La señorita Gallaher se vio obligada a aceptarlo y bajó, sin cuidado alguno, las escaleras que la llevarían al comedor. Allí se encontraba Orter, alguien que ella desconocía, pero que sin embargo el compromiso les llamaba a los dos.
-Ortner Mayerhofer.- Pronunció, estirando la mano de manera educada.
-Annette Gallaher.- Dijo mientras su mano derecha era rozada por los labios de su nuevo amor.
Al escuchar su nombre, Anne no se emocionó. Su sonrisa sólo había sido provocada por la comicidad del nombre de Ortner. Siquiera quería conocer a aquél ser que ansioso estaba ante la belleza de su futura mujer.
Pasos se escucharon, su ama por fin había bajado. Miradas y más miradas, las que eran provocadas por una situación completamente incómoda.
-Ortner Mayerhofer.- Dijo, pero esta vez sólo por ser cortés.
-Ella es mi ama, Katherine. Años me ha servido y años más me servirá.- Tuvo que decir, dejando en claro que un matrimonio no la distanciaría de su sierva.
El sonido de la puerta retumbó en sus oídos, motivo por el cuál nadie pudo contestar. Un señor elegante y de mirada sagaz, entró de la mano de una mujer que cargaba belleza en su piel. Ésta, era tan adulta como el hombre, pero a pesar de sus signos de vejez, no había perdido aquella sonrisa juvenil con la que solía presumir hacía una década atrás.
-¡Qué presa ha capturado tu padre para ti, Annette querida!- Dijo Adeline, la bella mujer que parecía ser su madre, dado el parecido entre ambas.
-Tonterías dices, mujer. Este hombre no es una presa, es un caballero. Y es lo que he querido siempre para ti. Ha venido a pedirme tu mano y esto es lo que aceptarás.
- He de saberlo, padre.- Pero en su mente rondaban pensamientos agresivos hacia él.
Para Katherine todo era un eco de palabras, no era capaz de comprender ninguna cosa de lo que decían sus acompañantes. Creyó inclusive sentirse mareada, pero en vano era decirlo en voz alta. Miró a Annette y quiso rescatarla de su tristeza, pero nada podría hacer ante el impedimento por ser mujer.
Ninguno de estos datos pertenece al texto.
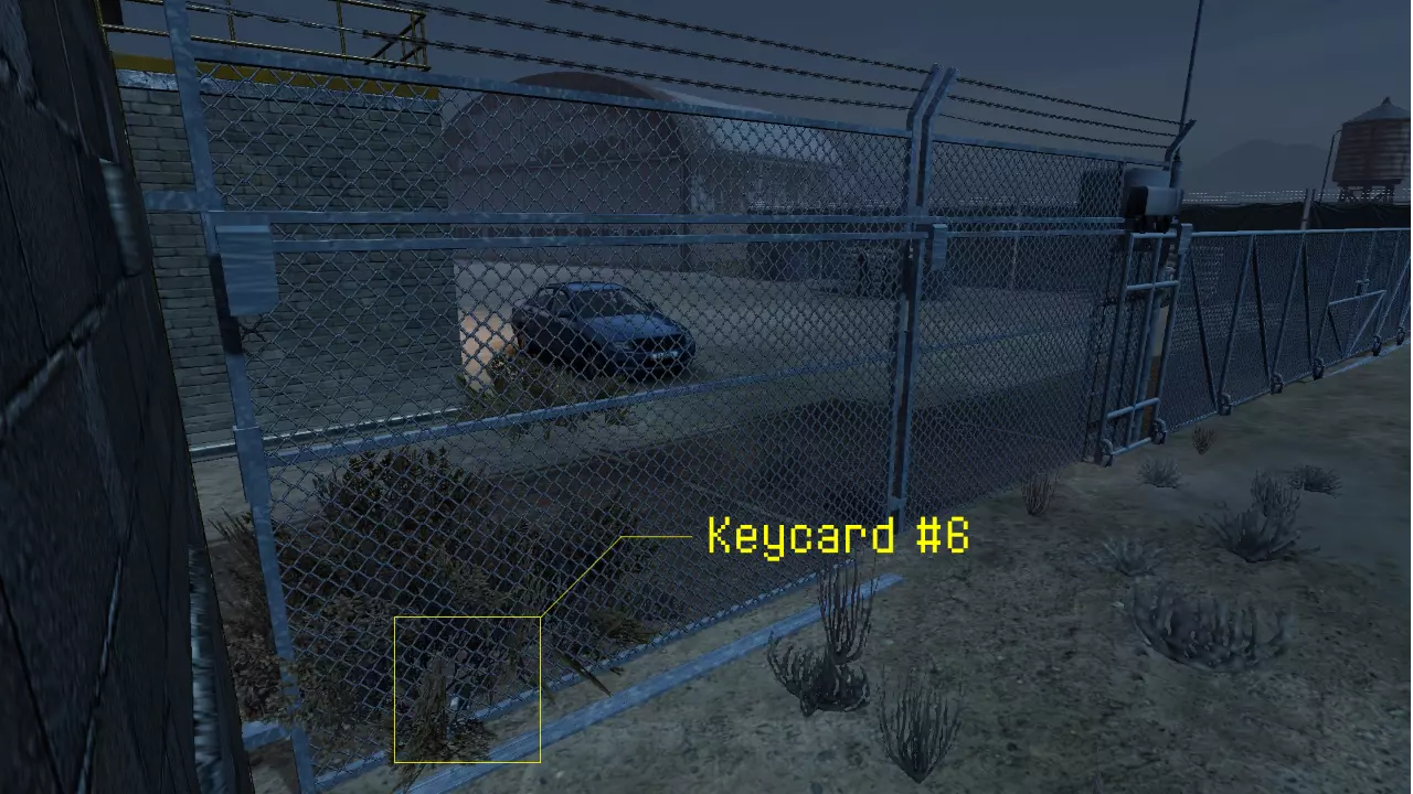 最后一张门禁卡位于你若想乘飞机逃离就需要打开的大门旁边。直视大门,然后稍微向右走——地上会有一丛灌木,里面藏着门禁卡。 遗失的保险箱刷新点:保险箱 #1:

-¡Qué inservible mujer que tienes como ama! Ni un té nos ha invitado.
-Pero es simplemente la mujer que amo, y ésta se encuentra enferma. Lamento comunicar que deberán pedírselo a otro de mis empleados.- Murmuró Annette.
Todos parecieron hacer caso omiso a lo que la señorita Gallaher  había pronunciado, excepto Katherine… que la miraba con ternura. Nada le hacía más agraciada que escuchar por primera vez el sonido de la voz temblorosa de su señora diciendo que le amaba.
-Te amaré, Annette. Prometo hacerlo. Por esta razón, quisiera tomar tu mano y hacerte mi esposa.
Nada le molestaba más a ambas que escuchar a ese caballero que tan poco sentía por una de ellas. Gallaher se rió nerviosa, y se cargó de valor.
-He dicho que la Señorita Katherine es la persona que amo, y no me casaré hasta que el amor cese.
El ama al recordar esto esbozó una sonrisa. Su mente divagó hasta ese recuerdo profundo, donde por última vez la amó, donde pudo sellar su amor con un beso, donde pudo creer que el destino votaría por ellas.
Pero también recordó ese último suspiro, donde las manos gigantes del señor Gallaher aplastaban el cuello de su hija, donde lágrimas caían, donde sufrimiento se veía.